Stewart Lee knew what smug meant when I was a kid. He devoted a double page spread in the Fist of Fun book to the Cornish Curmudgeon. Faces so smug and self-satisfied, you want to punch them.


Britain knew what it was to be smug. With the exception of Ben Elton – who was rarely allowed out of the writers' room, it was one of our strengths. If you’ve ever watched the Life of Brian debate with Cleese and Palin and the Bishop of Southwark and Malcolm Muggeridge, you can easily see the generation who first embraced the Goons, accepting that the future might be imperfect but it wouldn’t be so fart-sniffingly smug.


I recently watched Snowflake by Stewart Lee. Stewart Lee was always quite a divisive comedian, more by style than content. Now I would say the reverse is true.


Political Correctness has become woke, he argues and that represents progress, being at least better than what came before. When he said this of political correctness, I would say he was right. When he said this of woke, I say he is wrong. These are very different things.


Day to day, relatives and colleagues might mutter that what they had said might not be politically correct. Often their worry would be unfounded, or it would be a matter of taking their words on good faith but suggesting a different term. An exclamation of ‘political correctness gone mad’, might be raised about a news story, but closer examination would reveal the story to be nonsense or, if the story were true, you could talk about it. It wasn’t brow beating so much as a matter of reframing and perspective. It wasn’t about winning. There was often a sense that political correctness was censorious, a bit of a pain when people just want to be able to say what’s on their mind or rant. But it could also be a gentle chide, ‘careful now, that’s not very politically correct’, and it wouldn’t be the end of the world. I’m not talking about incitement to violence, I’m talking about elderly relatives, folk you might chat to at the pub, real people in other words. We used the term, but no one would proudly declare themselves to be politically correct, but you could still abide by the sensibility of it. It was a small but respectful way of adapting to an ever-changing world.

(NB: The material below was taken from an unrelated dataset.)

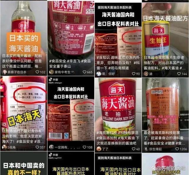 大家从只关注中国酱油的配料表,开始转移到了对比上,“双标”话题已经在无数个案例中被广泛验证,这是非常有效的话题和流量,在酱油上也不例外。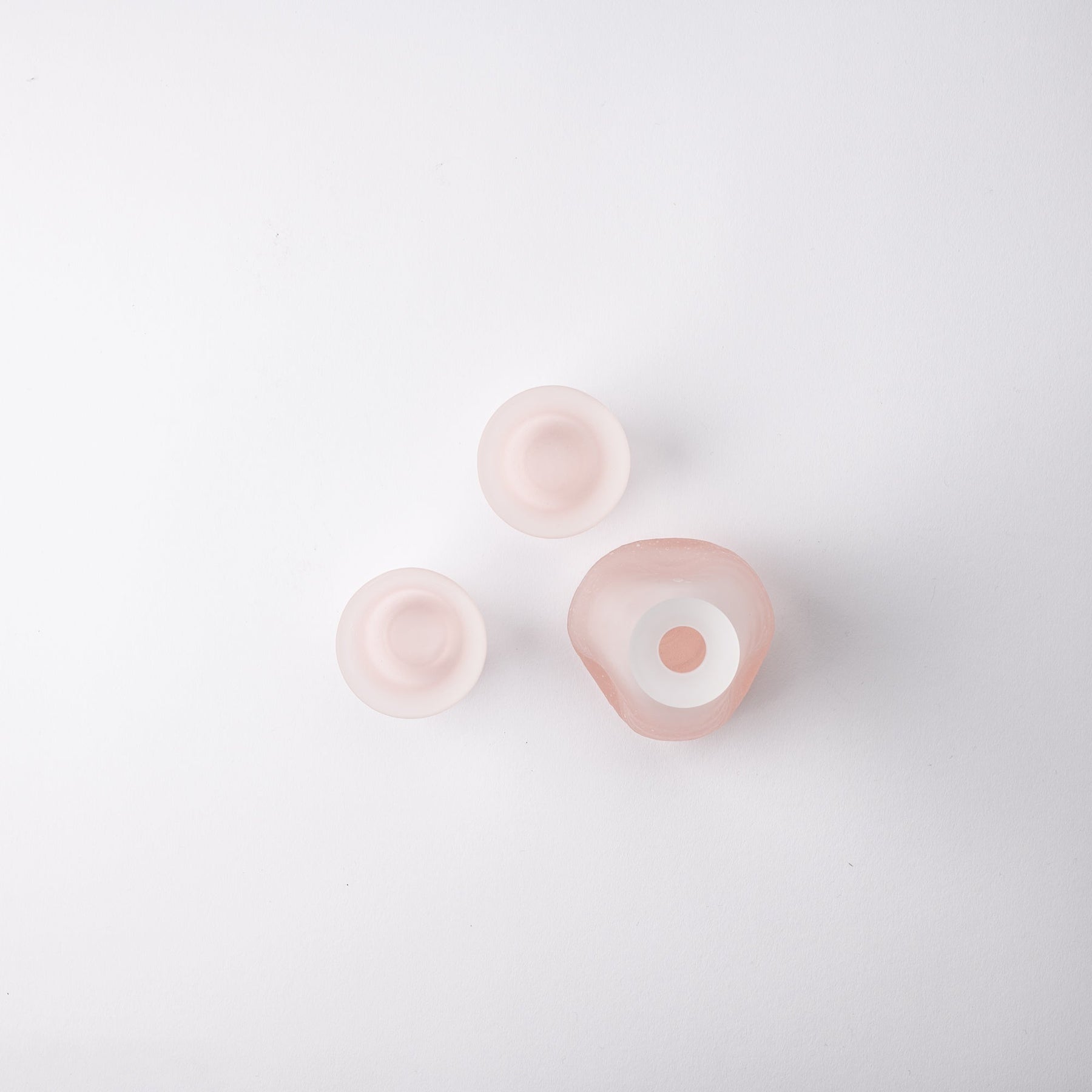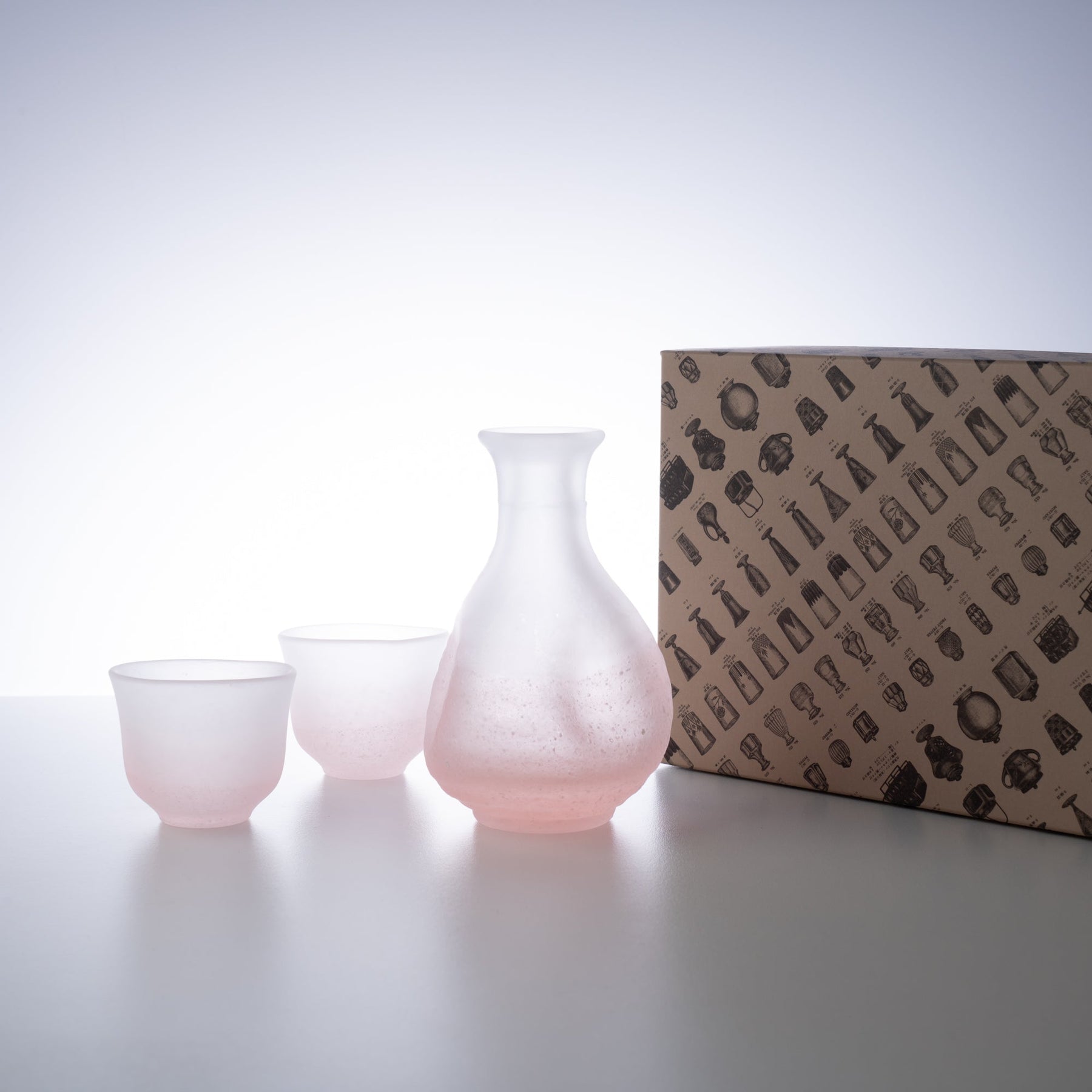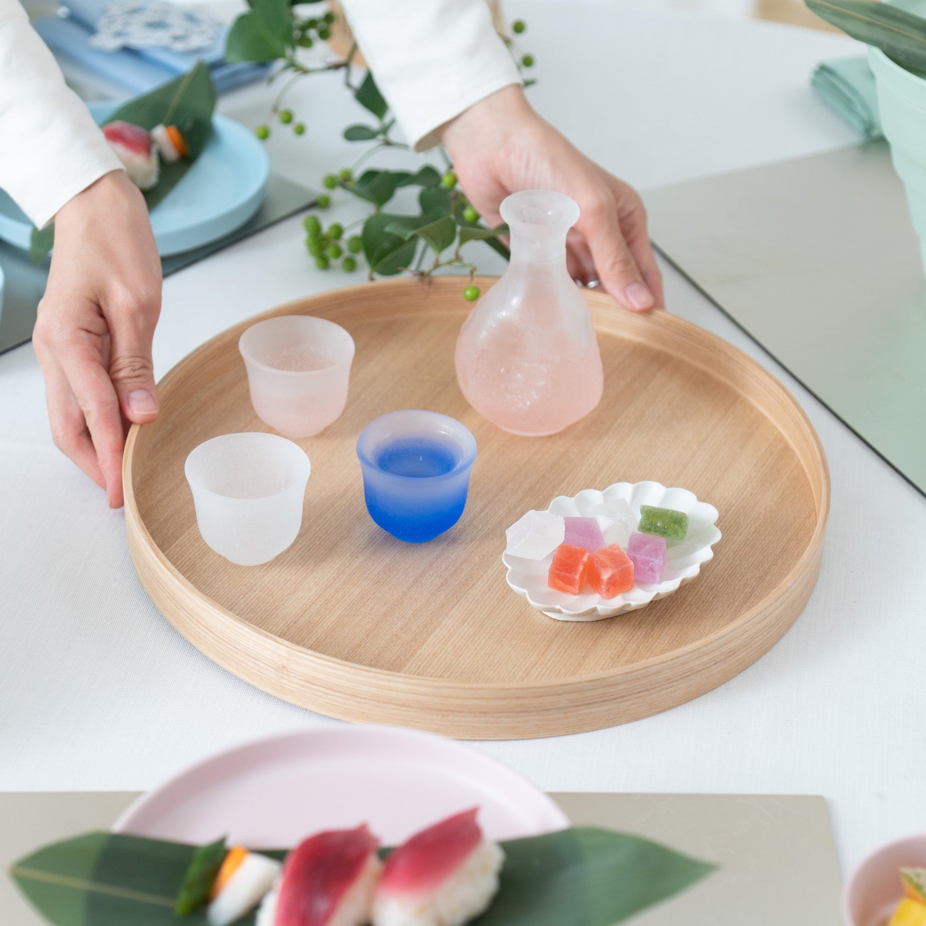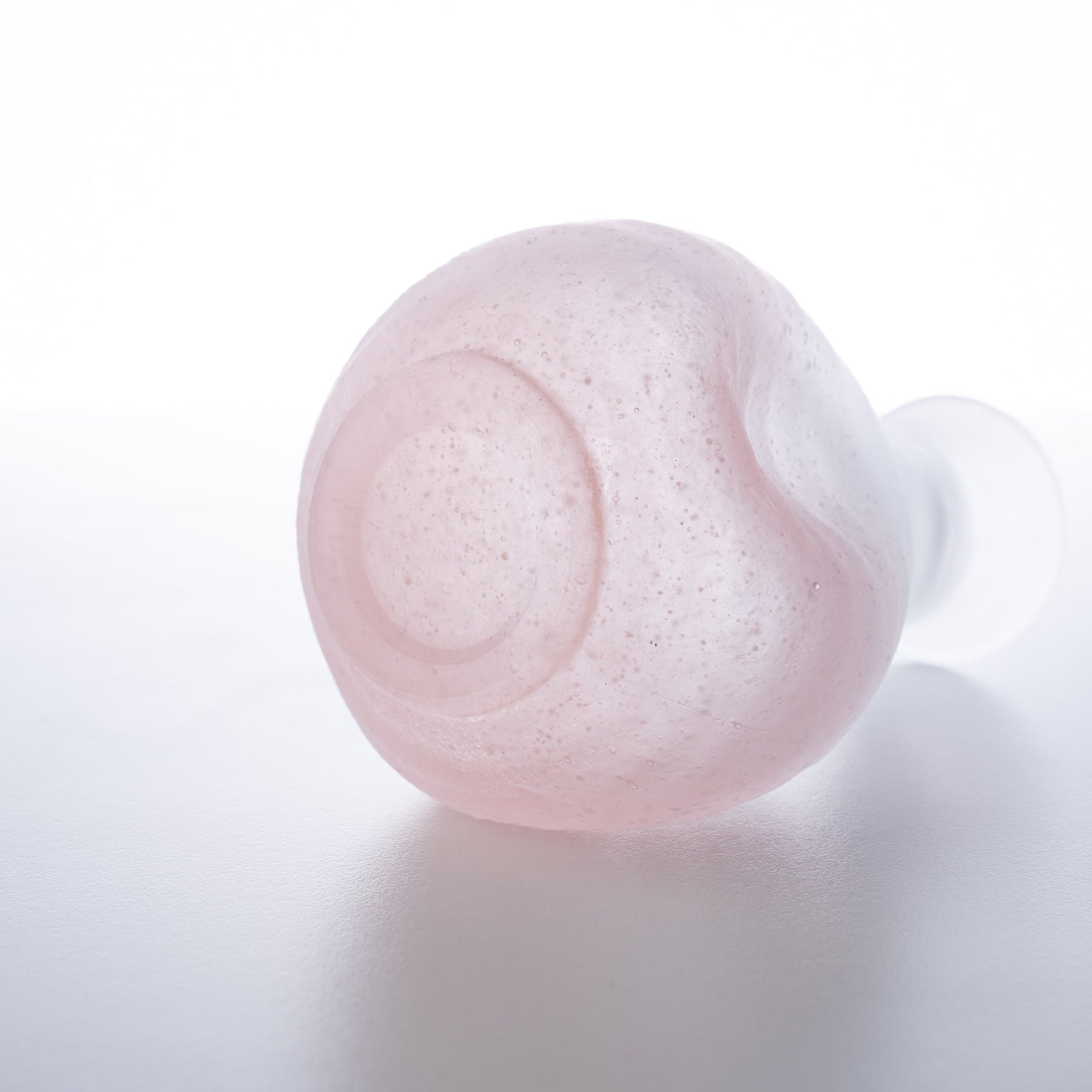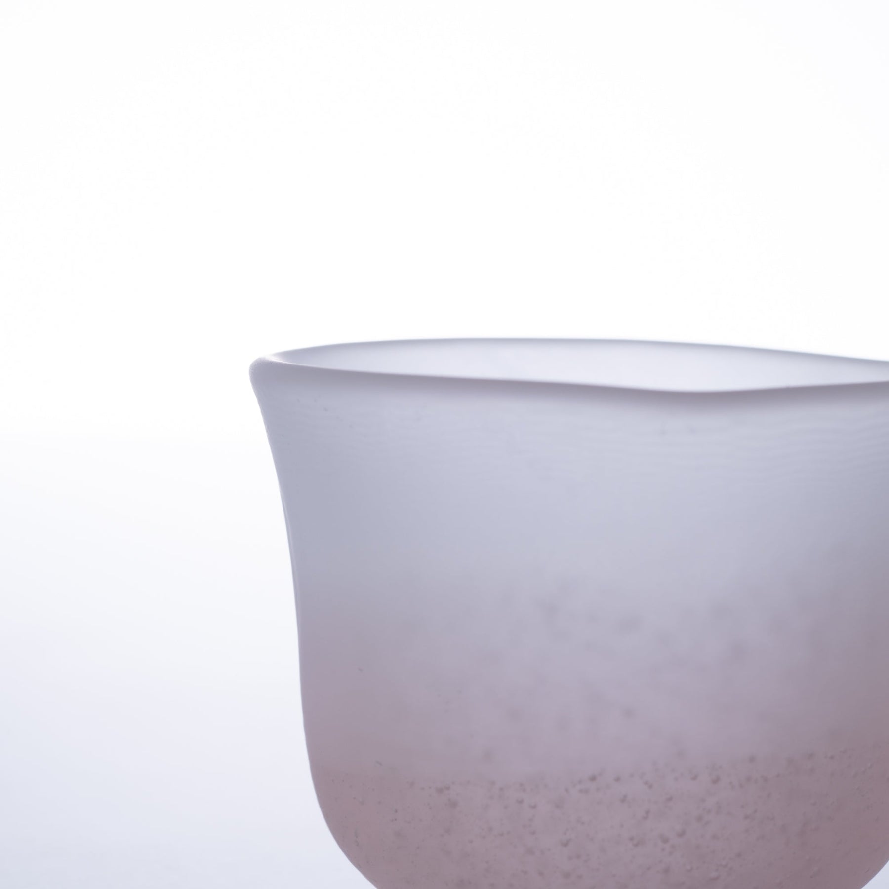 The soft, hand-formed contours and delicate, pale peach hue lend a gentle charm to any table setting. The frosted glass finish enhances the refreshing sensation of enjoying chilled sake.

Woke is different. Now I can picture the furrowed brows of all who consider themselves to be woke just as they consider themselves to be progressive, alert to racism and injustice. Framed in that way it would be innocuous enough. However, when you declare yourself to be woke, you should understand that much of the population view the term negatively. This isn’t because they aren’t progressive and not because they are evil. Woke is too often tribal and knows no doubt and therefore no debate. Certainty stops listening, and smug certainty enrages like nothing else. Smug, because you know the answer before you’ve even begun and those who disagree may think the only recourse they’ve got left, is to slap you. In maintaining certainty, woke doesn’t take words on good faith, it either accepts or rejects them. It commands right and punishes wrong.


The woke network is easy to keep in with when you’re nurtured into its parameters, when you don’t have to fight to be seen and to secure opportunity. The same network, when it encounters dissent, destroys careers with ease.


Ricky Gervais, Dave Chappelle and JK Rowling are irrelevant in the no-platforming argument because they have the very rare power that comes with massive success. I thought that the left prided itself on focusing on the vulnerable in society and equality of opportunity, but it says nothing when careers are destroyed in arts and education over a matter of opinion or a passionate belief. Attacking and destroying someone’s livelihood is not something to be taken lightly, neither is it to smear and defame as a means of doing so. But if you wield that smug certainty, you can do so with impunity. Feelings of guilt can’t be stirred in the hearts of those who won’t listen.


Listening is not to condone. It is to understand.


The words you most need to hear, may not be pleasant.